I think we’re going to have to get into detail on how that process of working through goals from different sources might work. That’s what I’m trying to do in my current work.
WRT your Optimist Type 2B pessimism: I don’t think AI taste should play a role in AI help solving the value alignment problem. If we had any sense (which sometimes we do once problems are right in our faces), we’d be asking the AI “so what happens if we use this alignment approach/goal?” and then using our own taste, not asking it things like “tell us what to do with our future”. We could certainly ask for input and there are ways that could go wrong. But I mostly hope for AGI help in the technical part of solving stable value alignment.
I’m not sure I’m more optimistic than you, but I am quite uncertain about how well the likely (low but not zero effort/thought) methods of aligning network-based AGI might go. I think others should be more uncertain as well. Some people being certain of doom while others with real expertise thinking it’s probably going to be fine should be a signal that we do not have this worked through yet.
That’s why I like this post and similar attempts to resolve optimist/pessimist disagreements so much.
I think it’s actually not any less true of o1/r1.
I think I’ll duck out of this discussion because I don’t actually believe that o1/r1 will lead to full-fledged (1-3) loops and AGI, so it’s hard for me to clearly picture that scenario and engage with its consequences.
I don’t think AI taste should play a role in AI help solving the value alignment problem. If we had any sense (which sometimes we do once problems are right in our faces), we’d be asking the AI “so what happens if we use this alignment approach/goal?” and then using our own taste, not asking it things like “tell us what to do with our future”. We could certainly ask for input and there are ways that could go wrong. But I mostly hope for AGI help in the technical part of solving stable value alignment.
Hmm. But the AI has a ton of wiggle room to make things seem good or bad depending on how things are presented and framed, right? (This old Stuart Armstrong post is a bit relevant.) If I ask “what will happen if we do X”, the AI can answer in a way that puts things in a positive light, or a negative light. If the good understanding lives in the AI and the good taste lives in the human, then it seems to me that nobody is at the wheel. The AI taste is determining what gets communicated to the human and how, right? What’s relevant vs irrelevant? What analogies are getting at what deeply matters versus what analogies are superficial? All these questions are value-laden, but they are prerequisites to the AI communicating its understanding to the human. Remember, the AI is doing the (1-3) thing to autonomously develop a new idiosyncratic superhuman understanding of AI and philosophy and society and so on, by assumption. Thus, AI-human communication is much harder and different than we’re used to today, and presumably requires its own planning and intention on the part of the AI.

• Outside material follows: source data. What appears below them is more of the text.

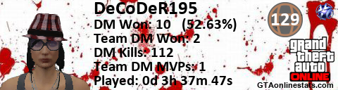 <a href="http://GTAonlinestats.com/showplayer/DeCoDeR195/2"><img src="http://GTAonlinestats.com/dmsignature/DeCoDeR195/2/sig.png" alt="DeCoDeR195" border="0" /></a>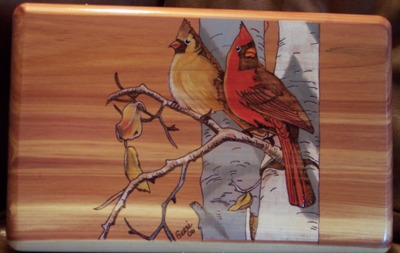 Think back on the beautiful first new spring day!!!!! These cardinals will always remind you of Spring and Summer lazy wonderful days. The cardinal design is woodburned by hand and oil pencil for colors. We offer a free woodburned inscription on the inside lid of all our products.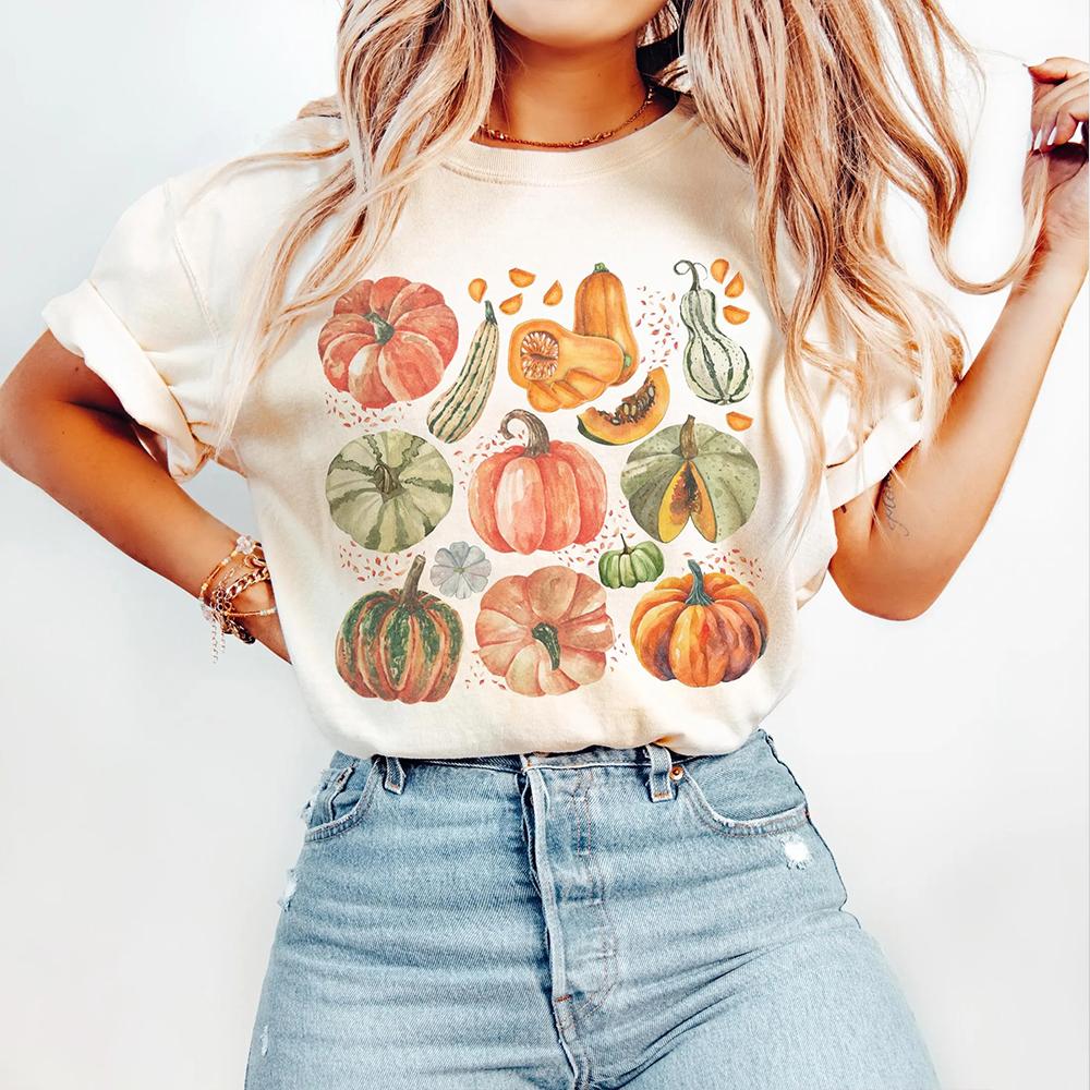 Garden Vegetable Short Sleeve Shirt Vintage Halloween Botanical Fruit Pumpkin Comfort Unisex Tshirt 100 Cotton Unisex Streetwear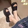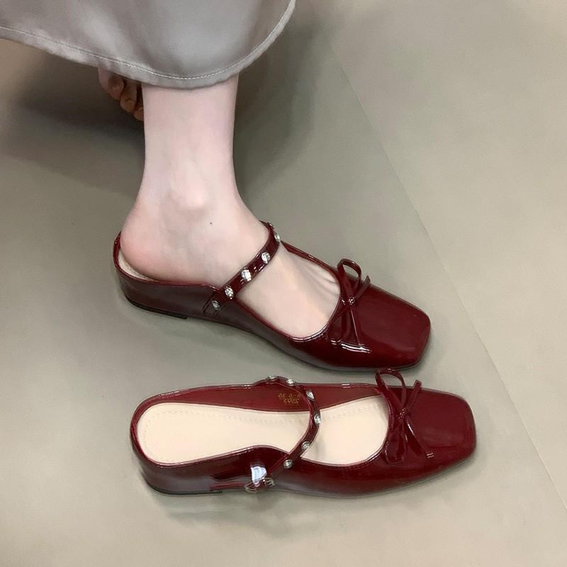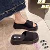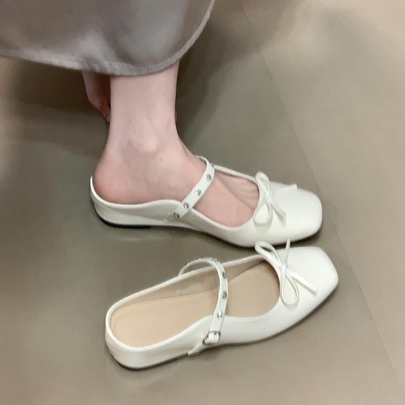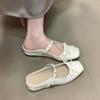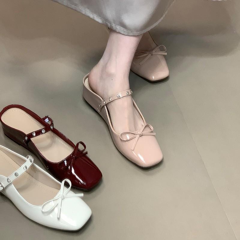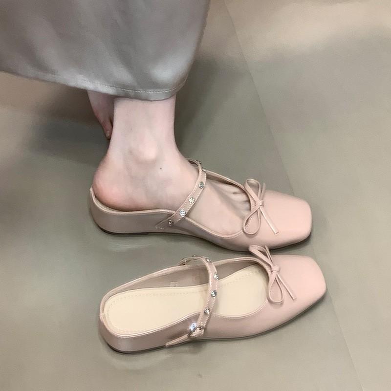Zapatillas de media caña con plataforma interior, suela gruesa, lazo, suela suave, puntera color rosa nude para verano para mujer, sandalias mule para exterior

…Unless you’re actually in the §5.1.1 camp where the AI is helping clarify and brainstorm but is working shoulder-to-(virtual) shoulder, and the human basically knows everything the AI knows. I.e., like how people use foundation models today. If so, that’s fine, no complaints. I’m happy for people to use foundation models in a similar way that they do today, as they work on the big problem of how to make future more powerful AIs that run on something closer to ambitious value learning or CEV as opposed to corrigibility / obedience.
Sorry if I’m misunderstanding or being stupid, this is an area where I feel some uncertainty. :)
I think it’s actually not any less true of o1/r1. It’s still mostly predictive/world modeling training, with a dash of human-preference RL which could be described as following instructions as intended in a certain set of task domains. o1/r1 is a bad idea because RL training on a whole CoT works against faithfulness/transparency of the CoT.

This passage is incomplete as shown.